On Thursday, Dr. Brent Masel, TLC president and medical director, will deliver the welcome address and introductions, and UTMB professor Douglas DeWitt will provide an overview of the issues to be discussed by the 46 experts invited to the conference.

Also on Thursday, Sureyya Dikmen, professor in the department of rehabilitation medicine at the University of Washington, will receive the 2010 Robert L. Moody Prize for Distinguished Initiatives in Brain Injury Research and Rehabilitation. Dr. David L. Callender, president of UTMB, will present the award.
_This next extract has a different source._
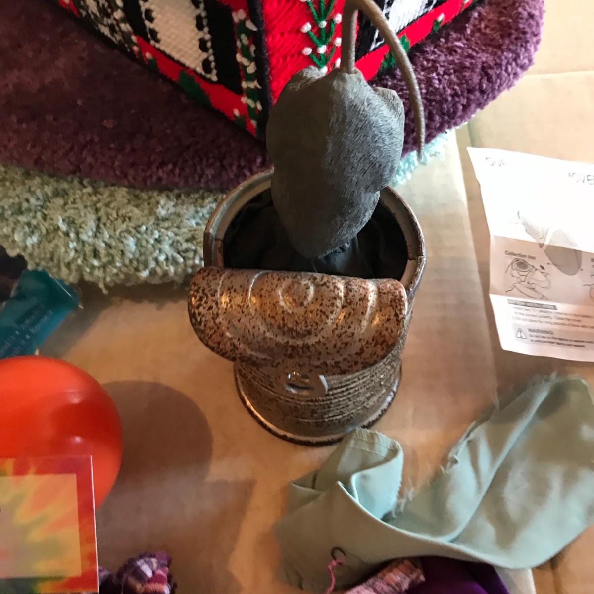 Toilet seat covers, reusable shopping bags, a toy rat in a tin can, and I cant even make the rest out!

The award recognizes Dikmen for her work in advancing clinical research in the field of traumatic brain injury. She has devoted her career as a neuropsychologist to the study of TBI with emphasis on the consequences of traumatic brain injury and clinical trials to reduce the negative effects of these injuries.

The Moody Prize was created by UTMB to recognize distinguished contributions in brain injury rehabilitation and research. The prize consists of an honorarium of $10,000, an inscribed plaque and crystal pyramid that commemorates the award, and a framed certificate signed by the members of the governing board.